:: Task statement ::
Produce as output only the lines below starting at the line with "Хуатбек Кунсауле Куатовна, учитель" and continuing through the line with "本網(wǎng)訊 因近期持", each one exactly as written.

:: Entries supplied ::
*** Begin section ***
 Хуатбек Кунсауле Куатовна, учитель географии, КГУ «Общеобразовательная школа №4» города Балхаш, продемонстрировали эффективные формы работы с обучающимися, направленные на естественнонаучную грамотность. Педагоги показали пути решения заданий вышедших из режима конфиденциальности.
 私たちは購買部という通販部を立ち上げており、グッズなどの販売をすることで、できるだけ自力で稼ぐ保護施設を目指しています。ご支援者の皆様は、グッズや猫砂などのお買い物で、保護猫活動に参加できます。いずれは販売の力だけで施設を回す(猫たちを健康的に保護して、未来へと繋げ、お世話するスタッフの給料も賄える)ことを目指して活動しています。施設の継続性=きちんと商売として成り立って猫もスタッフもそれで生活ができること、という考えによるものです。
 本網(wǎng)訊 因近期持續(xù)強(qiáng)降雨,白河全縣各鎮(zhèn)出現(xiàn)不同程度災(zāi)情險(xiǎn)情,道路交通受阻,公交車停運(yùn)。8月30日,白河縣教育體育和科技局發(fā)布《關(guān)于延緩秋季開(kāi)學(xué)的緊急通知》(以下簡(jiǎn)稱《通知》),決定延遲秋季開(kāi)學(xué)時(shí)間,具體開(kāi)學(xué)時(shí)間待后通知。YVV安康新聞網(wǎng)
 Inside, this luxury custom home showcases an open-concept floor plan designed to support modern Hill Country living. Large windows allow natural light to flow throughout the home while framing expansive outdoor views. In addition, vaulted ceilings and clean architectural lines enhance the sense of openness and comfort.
*** End section ***
*** Begin section ***
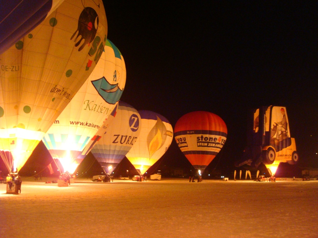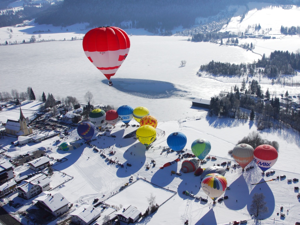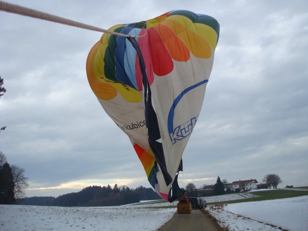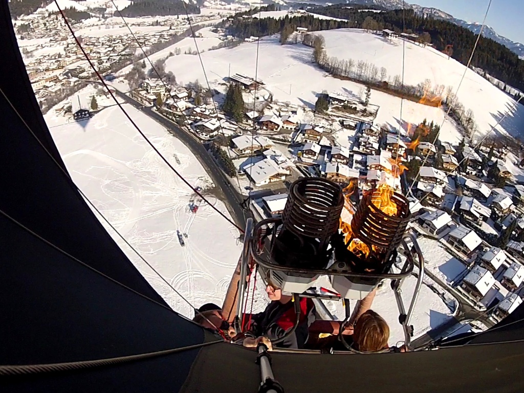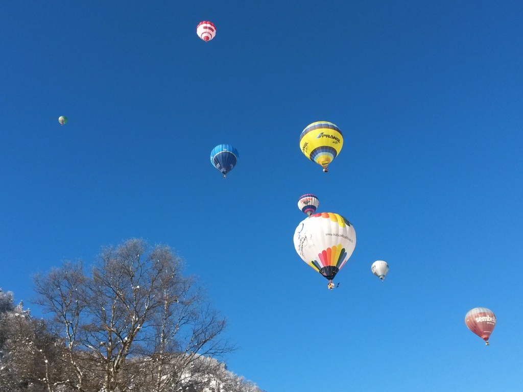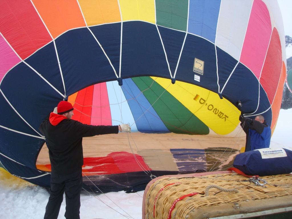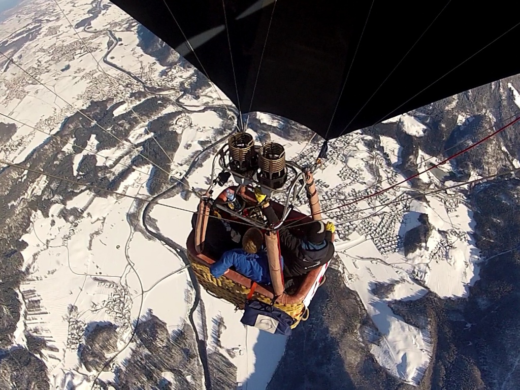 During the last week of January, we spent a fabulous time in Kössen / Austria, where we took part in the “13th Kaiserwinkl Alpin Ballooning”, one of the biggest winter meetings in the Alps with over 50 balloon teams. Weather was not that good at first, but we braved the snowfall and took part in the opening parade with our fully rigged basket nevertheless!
*** End section ***
*** Begin section ***
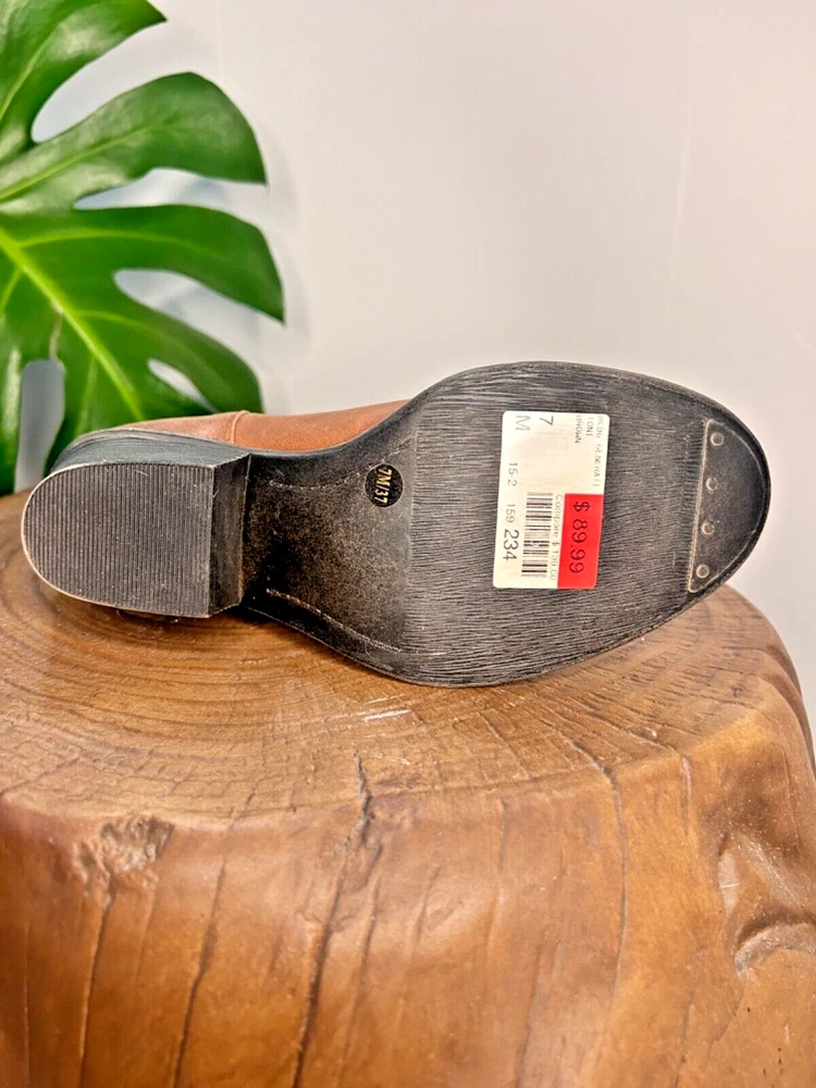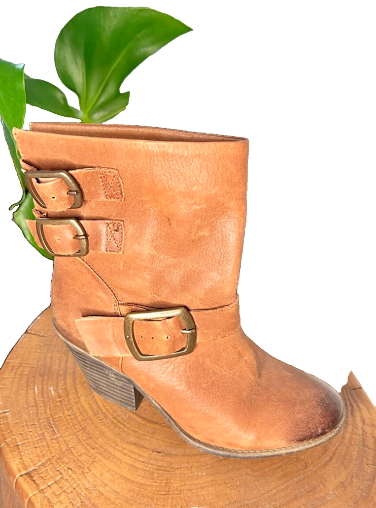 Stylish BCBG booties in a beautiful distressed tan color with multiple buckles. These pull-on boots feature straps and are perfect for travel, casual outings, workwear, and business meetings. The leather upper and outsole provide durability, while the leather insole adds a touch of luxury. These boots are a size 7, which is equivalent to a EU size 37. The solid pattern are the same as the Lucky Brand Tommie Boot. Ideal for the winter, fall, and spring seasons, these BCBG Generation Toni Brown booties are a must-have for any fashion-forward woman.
*** End section ***
:: Result ::
 Хуатбек Кунсауле Куатовна, учитель географии, КГУ «Общеобразовательная школа №4» города Балхаш, продемонстрировали эффективные формы работы с обучающимися, направленные на естественнонаучную грамотность. Педагоги показали пути решения заданий вышедших из режима конфиденциальности.
 私たちは購買部という通販部を立ち上げており、グッズなどの販売をすることで、できるだけ自力で稼ぐ保護施設を目指しています。ご支援者の皆様は、グッズや猫砂などのお買い物で、保護猫活動に参加できます。いずれは販売の力だけで施設を回す(猫たちを健康的に保護して、未来へと繋げ、お世話するスタッフの給料も賄える)ことを目指して活動しています。施設の継続性=きちんと商売として成り立って猫もスタッフもそれで生活ができること、という考えによるものです。
 本網(wǎng)訊 因近期持續(xù)強(qiáng)降雨,白河全縣各鎮(zhèn)出現(xiàn)不同程度災(zāi)情險(xiǎn)情,道路交通受阻,公交車停運(yùn)。8月30日,白河縣教育體育和科技局發(fā)布《關(guān)于延緩秋季開(kāi)學(xué)的緊急通知》(以下簡(jiǎn)稱《通知》),決定延遲秋季開(kāi)學(xué)時(shí)間,具體開(kāi)學(xué)時(shí)間待后通知。YVV安康新聞網(wǎng)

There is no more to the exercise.